The university claims that it “took a number of steps” in response to the “Group of 46” letter, including inviting members of the group “to submit fuller details of their individual situations and experiences,” says Stanford spokesman Brad Hayward. “The University then initiated an outside review of those cases. The review did not find age or gender discrimination.” The issues raised in the letter “arose largely out of a restructuring of the GSB’s centers,” Hayward says. “The review did identify some areas where the school could make improvements, and those findings were communicated back to the school, which has been following up on them.”

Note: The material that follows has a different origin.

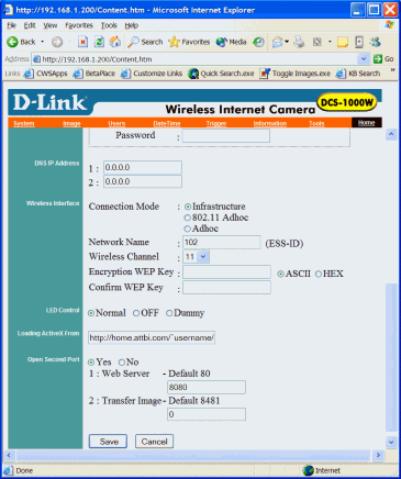 这种摄像机不仅可为传统有线 以太网 提供支持,而且,还具备 802.11b 无线网络功能,并随机配送了一个空白的服务设备标识符(SSID)和一个被预先设定为192.168.0.20的缺省静态IP地址。而在初始状态下,管理界面则未被设定口令保护特性。我使用了一个PCMCIA以太网适配器,并为安装设备单元而使用了跨接电缆,同时,以静态方式将其IP地址配置为192.168.0.21.由于我目前已运行着多个无线网络系统,因此,需要将摄像机纳入其中某一网络,并针对该网络特征就摄像机的无线设置进行相应调整。请注意,如果您需要安装一套完整的家用安全系统,则可在同一网络上使用多部数码摄像机。

Etchemendy says he had surveyed staff in November 2013 before deciding to give Saloner another term, and found only two faculty members beside Phills who expressed unfavorable views on Saloner. “One was pretty negative and, and one said it was time to move on,” Etchemendy says in the deposition. After receiving the letter, Etchemendy met with representatives from the 46 signatories, he says. However, during Etchemendy’s deposition, a lawyer for Saloner and Stanford prevented him from answering any questions about what Etchemendy had discussed with the signatories’ representatives beyond Phills, and Etchemendy said they hadn’t talked about Phills. Etchemendy says in his deposition that he shared the letter with Stanford president John Hennessy, but the lawyer stopped Etchemendy from answering when Etchemendy was asked if Hennessy gave any instructions or guidance in the matter.
Asked whether he had followed up on allegations that Saloner exercised bad judgment, Etchemendy said, “This is an allegation of poor judgment because he has entered into a relationship with a faculty member who is separated from her husband, and I think that that’s, that’s their, their judgment . . . What would there be to investigate?”
Your story also brought up issues about the student culture at Stanford. How it that related to these other allegations?
Two years ago, one of Stanford’s most prominent veteran professors published an essay slamming the shallow, hedonistic culture of “booze, cars and houses” at top business schools. He devoted a quarter of his critique to the annual overnight FOAM trip to Vegas (which stands for Friends of Arjay Miller) tradition as the starting point for the corruption of the culture at the school.
“Business school,” wrote Jeffrey Pfeffer, “has become way more about the parties than about the course work. What happened to the classes, to academic performance, to learning something? If and when business schools become more like many of their professional school brethren—where status comes primarily from academic/professional accomplishment, not from who can hold the most liquor or put on the best show . . . the culture will change for the better—from booze, cars, and houses to ideas.”
Many people believe that the dean came in hoping to dampen down the excessive partying at the school, but faculty say he caved on that, not wanting to incur the wrath of the students whose opinions factor into the rankings. If anything, the school rolled back a change to make the MBA program more rigorous by requiring a higher percentage of mandatory courses. When students complained, Saloner “caved” in the words of one faculty member. The new heavier requirement, among others, had been put in place partly because an earlier survey of students by the school found that its MBA candidates felt that their graduate level courses at Stanford were not as intellectually rigorous as their undergraduate experience.
Under Saloner’s leadership of the school, one MBA student has been charged with vehicular manslaughter for killing the driver of another car in an accident in which the MBA was allegedly driving in the wrong direction on Route 101 under the influence of alcohol. Two MBA students who went on the FOAM Vegas trip had a threesome with a prostitute in their Bellagio suite, according to police records. Later, the female MBA accused her boyfriend of sexual assault in the business school dormitory. Though the district attorney did not pursue the case, Saloner allowed the male student to continue attending class while his alleged victim remained on campus. The male student was suspended after the university found the male student was responsible for committing violence against the female student, leaving her with small bruises, and broken capillaries on both sides of her neck.